(Assigned task) Leave the images aside and repeat the whole listing exactly.

(Stored data)
%%

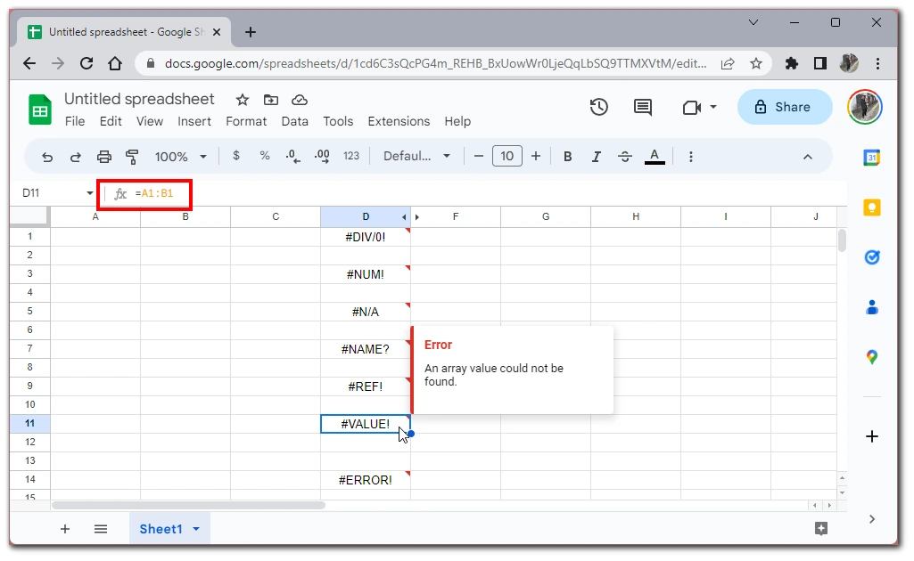Ошибка #VALUE! указывает на проблему с типом данных, используемых в формуле. Например, ошибка возникнет, если в формуле «=A1:B1» одна из ячеек диапазона содержит нечисловые данные.
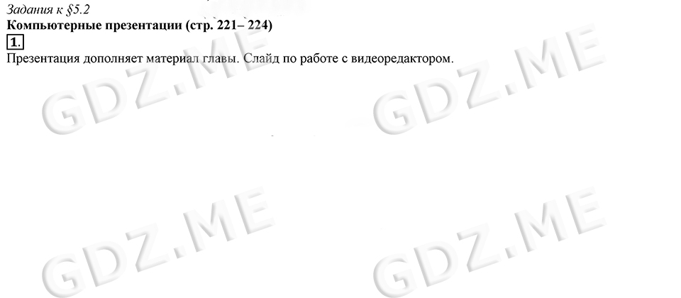 Подробный вариант решения из решебника (ГДЗ): Задание номер 1 (§5.2. Компьютерные презентации. Cтраницы 221-224) по предмету Информатика, за 7 класс, авторы учебника Босова.
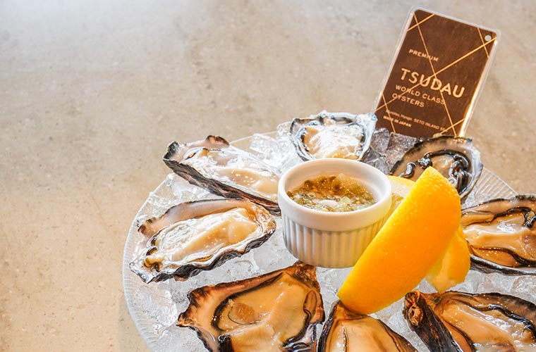 一般的な牡蠣の旬は12月〜6月ごろですが、同店では、海外の養殖方法を取り入れることで一年中生牡蠣の提供を可能に。恵まれた環境で育った津田宇水産の牡蠣は、身が大きくてぷりっぷり!熱を加えても縮みにくいのが特徴です。

%%

(Written solution)
Ошибка #VALUE! указывает на проблему с типом данных, используемых в формуле. Например, ошибка возникнет, если в формуле «=A1:B1» одна из ячеек диапазона содержит нечисловые данные.
 Подробный вариант решения из решебника (ГДЗ): Задание номер 1 (§5.2. Компьютерные презентации. Cтраницы 221-224) по предмету Информатика, за 7 класс, авторы учебника Босова.
 一般的な牡蠣の旬は12月〜6月ごろですが、同店では、海外の養殖方法を取り入れることで一年中生牡蠣の提供を可能に。恵まれた環境で育った津田宇水産の牡蠣は、身が大きくてぷりっぷり!熱を加えても縮みにくいのが特徴です。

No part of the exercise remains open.